Top of Given data

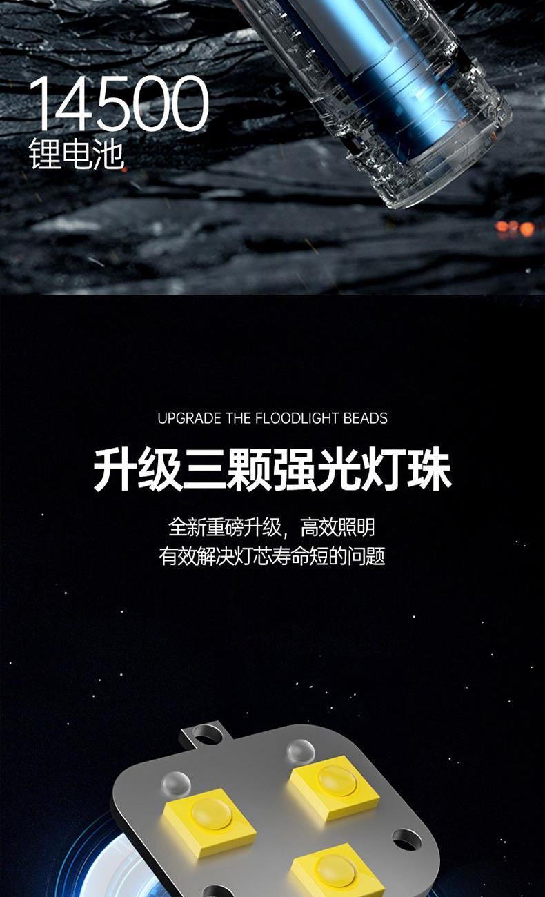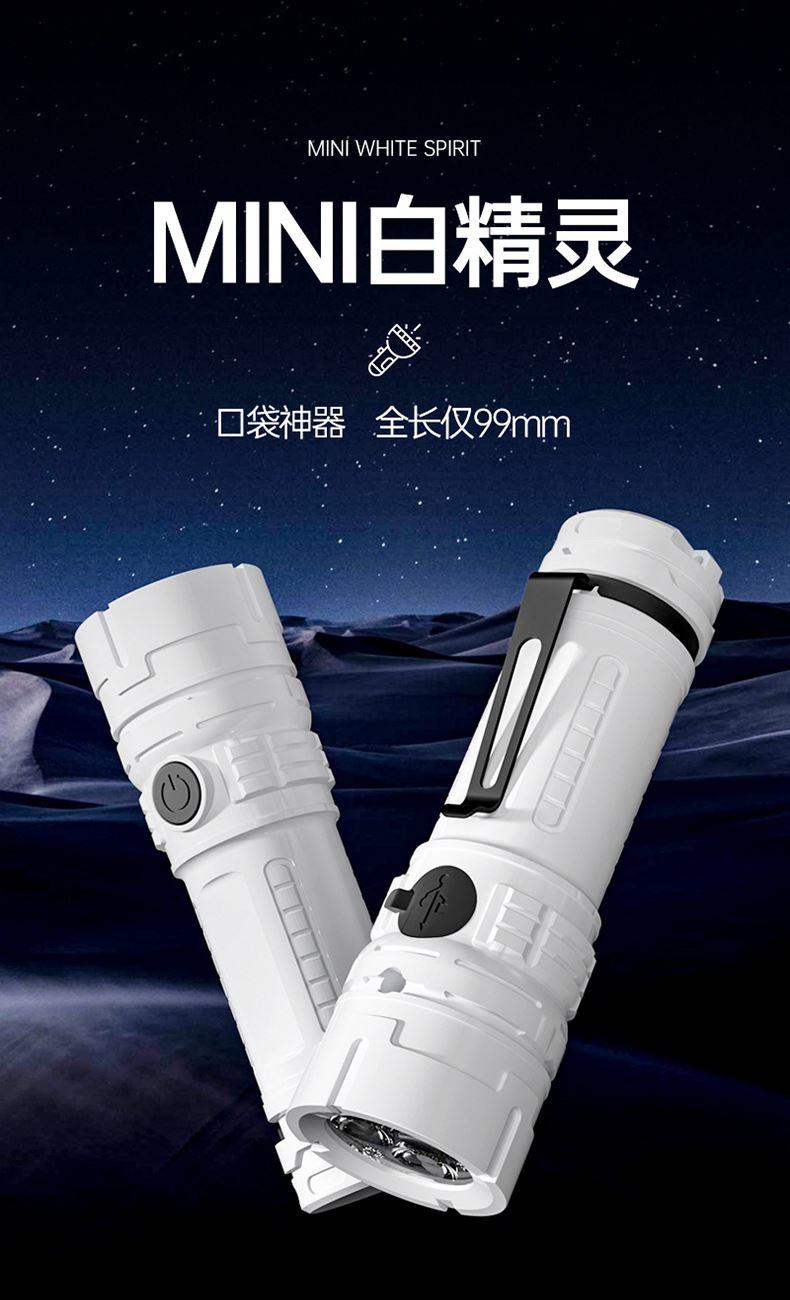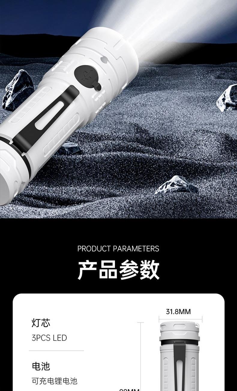 材质 ABS材质 LED灯珠 颜色 白色 尺寸 Φ32*99mm 包装尺寸:40*35*100mm 重量 38g 电池 3.7V/400MAH锂电池,TYPE-C 配件 数据线、包装盒 高亮、低亮、爆闪三挡调节 14500锂电池,TYPE-C接口充电 3PCS LED耐用灯珠照明, 迷你轻巧便携,携带方便,
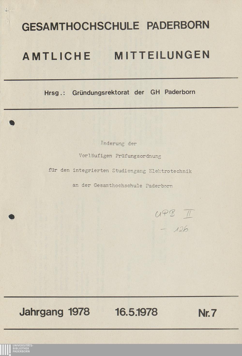 Nr. 7: Änderung der vorläufigen Prüfungsordnung für den integrierten Studiengang Elektrotechnik an der Gesamthochschule Paderborn (16.5.1978)
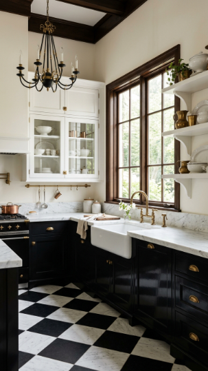 Glossy black lower cabinets, white uppers, and black and white tile floors — timeless Victorian contrast.
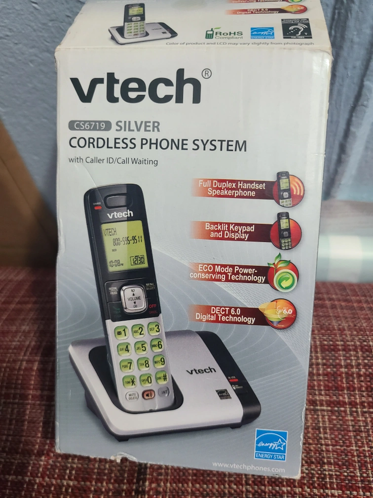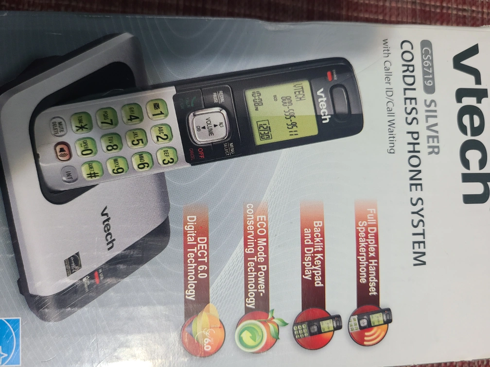 161Selling a VTech CS6719 silver cordless phone system. It comes with caller ID and call waiting. The box is included and features: - Full Duplex Handset Speakerphone - Backlit Keypad and Display - ECO Mode Power-conserving Technology - DECT 6.0 Digital Technology Free with any purchase of $8. or more.
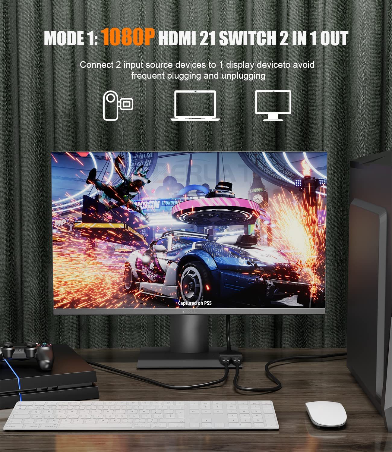 It takes a signal from one device and will direct to one of two output devices that are plugged into it,no need to plug and unplug between two devices anymore.
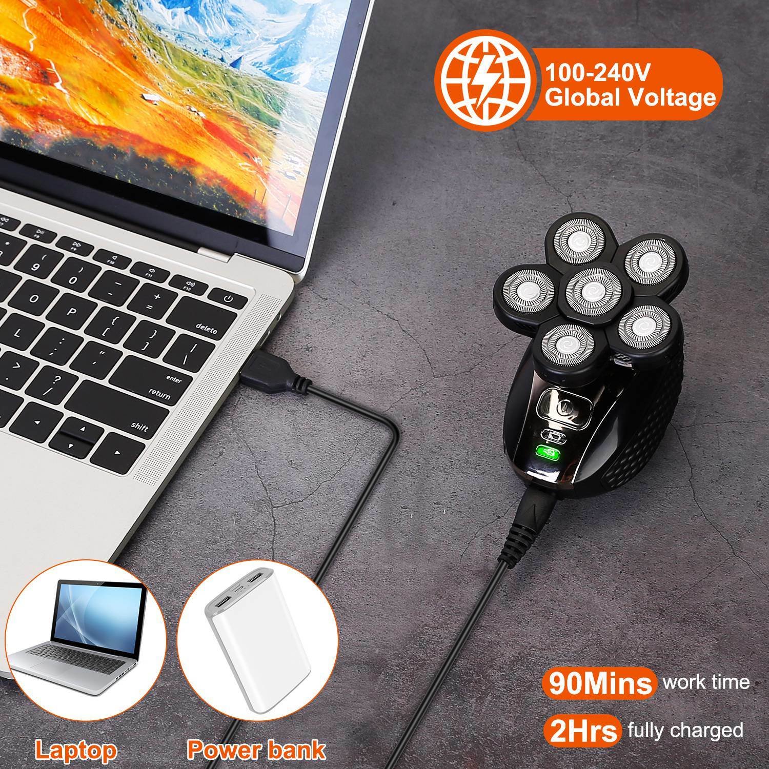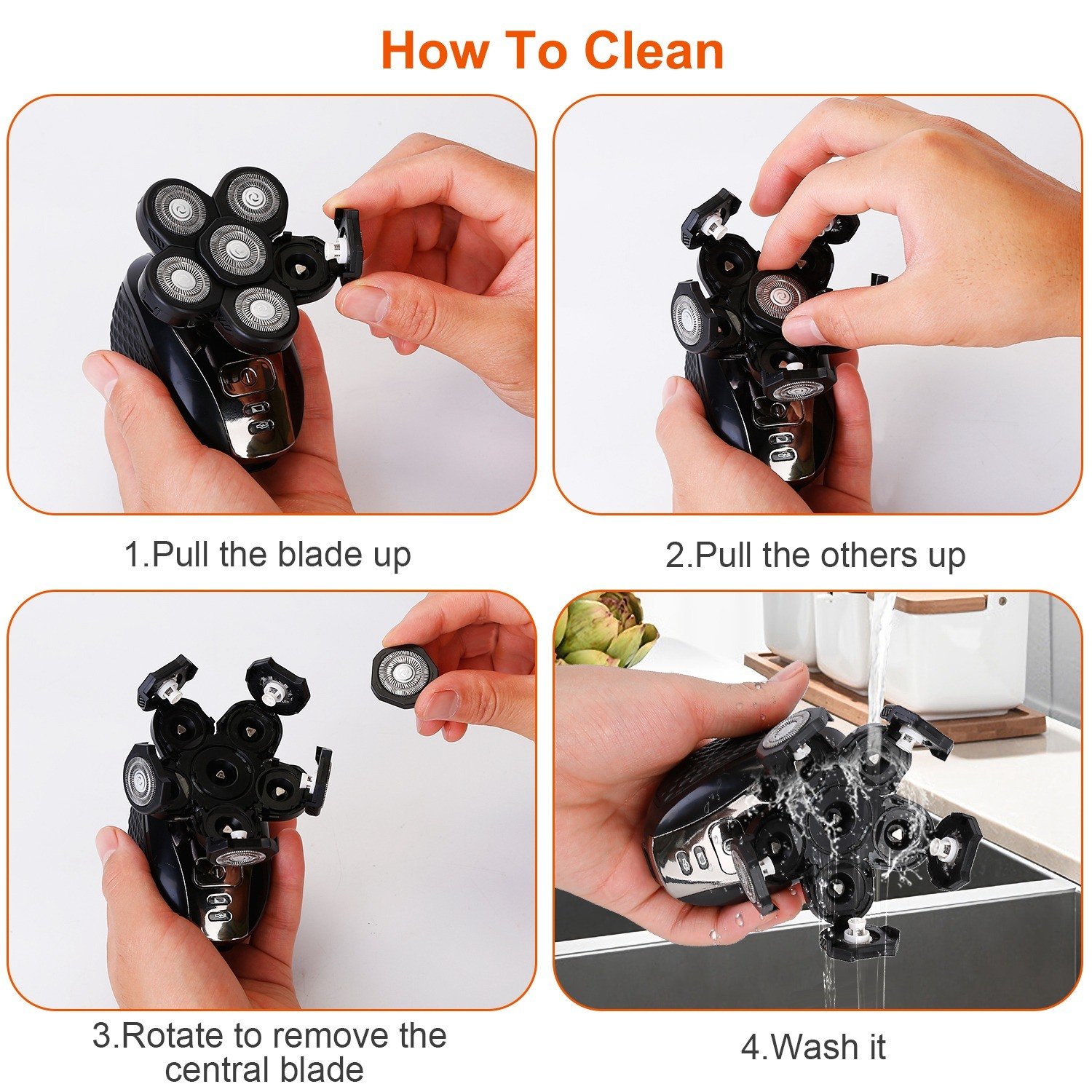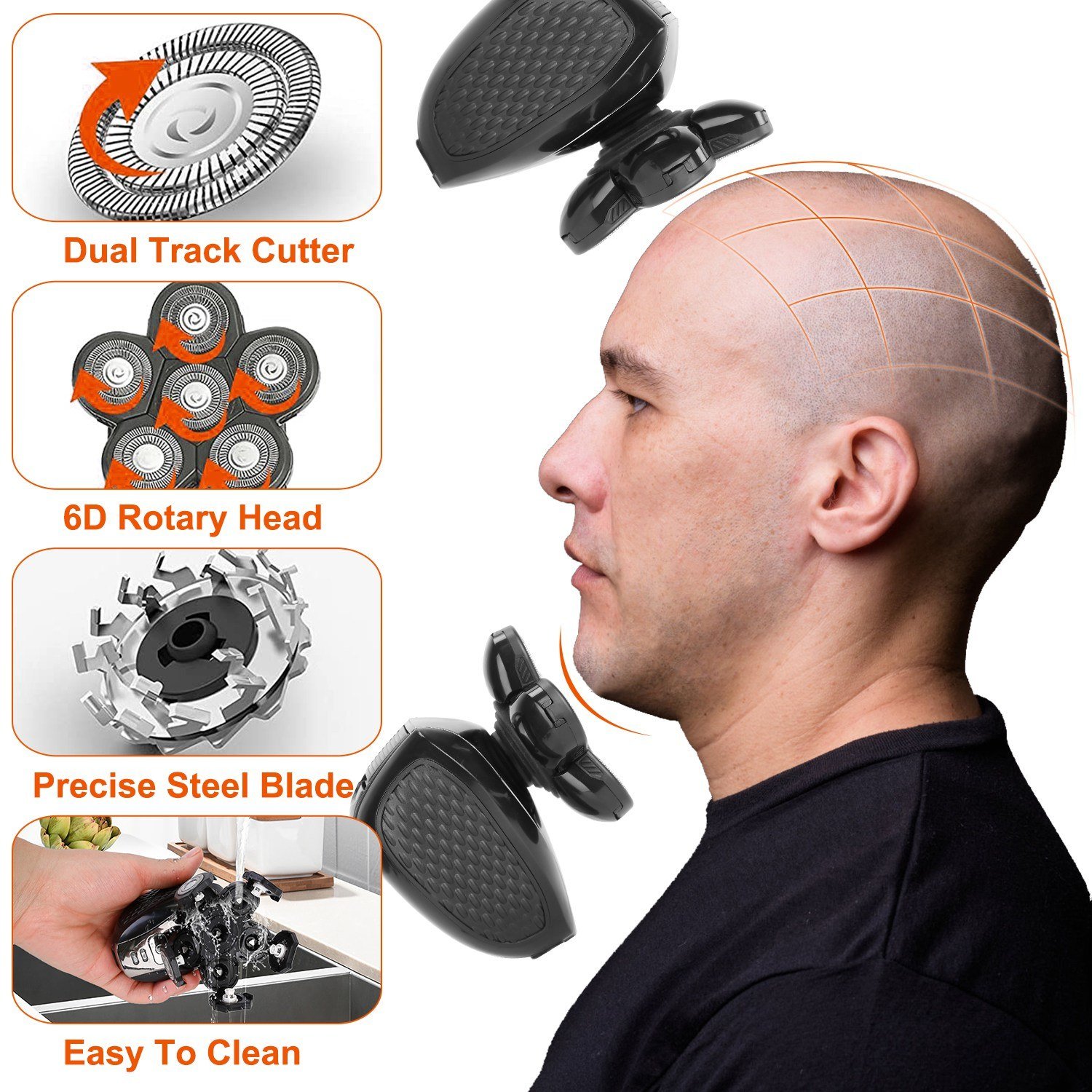 *6D Rotary Blade*:Makes shaving your head a breeze with its 6D flexible shaver heads working simultaneously. It can grasp hair in hard-to-reach areas; making shaving more efficient and convenient.

Bottom of Given data

# Task goal
Above are the records; copy them exactly without the pictures.

# Solved exercise
 材质 ABS材质 LED灯珠 颜色 白色 尺寸 Φ32*99mm 包装尺寸:40*35*100mm 重量 38g 电池 3.7V/400MAH锂电池,TYPE-C 配件 数据线、包装盒 高亮、低亮、爆闪三挡调节 14500锂电池,TYPE-C接口充电 3PCS LED耐用灯珠照明, 迷你轻巧便携,携带方便,
 Nr. 7: Änderung der vorläufigen Prüfungsordnung für den integrierten Studiengang Elektrotechnik an der Gesamthochschule Paderborn (16.5.1978)
 Glossy black lower cabinets, white uppers, and black and white tile floors — timeless Victorian contrast.
 161Selling a VTech CS6719 silver cordless phone system. It comes with caller ID and call waiting. The box is included and features: - Full Duplex Handset Speakerphone - Backlit Keypad and Display - ECO Mode Power-conserving Technology - DECT 6.0 Digital Technology Free with any purchase of $8. or more.
 It takes a signal from one device and will direct to one of two output devices that are plugged into it,no need to plug and unplug between two devices anymore.
 *6D Rotary Blade*:Makes shaving your head a breeze with its 6D flexible shaver heads working simultaneously. It can grasp hair in hard-to-reach areas; making shaving more efficient and convenient.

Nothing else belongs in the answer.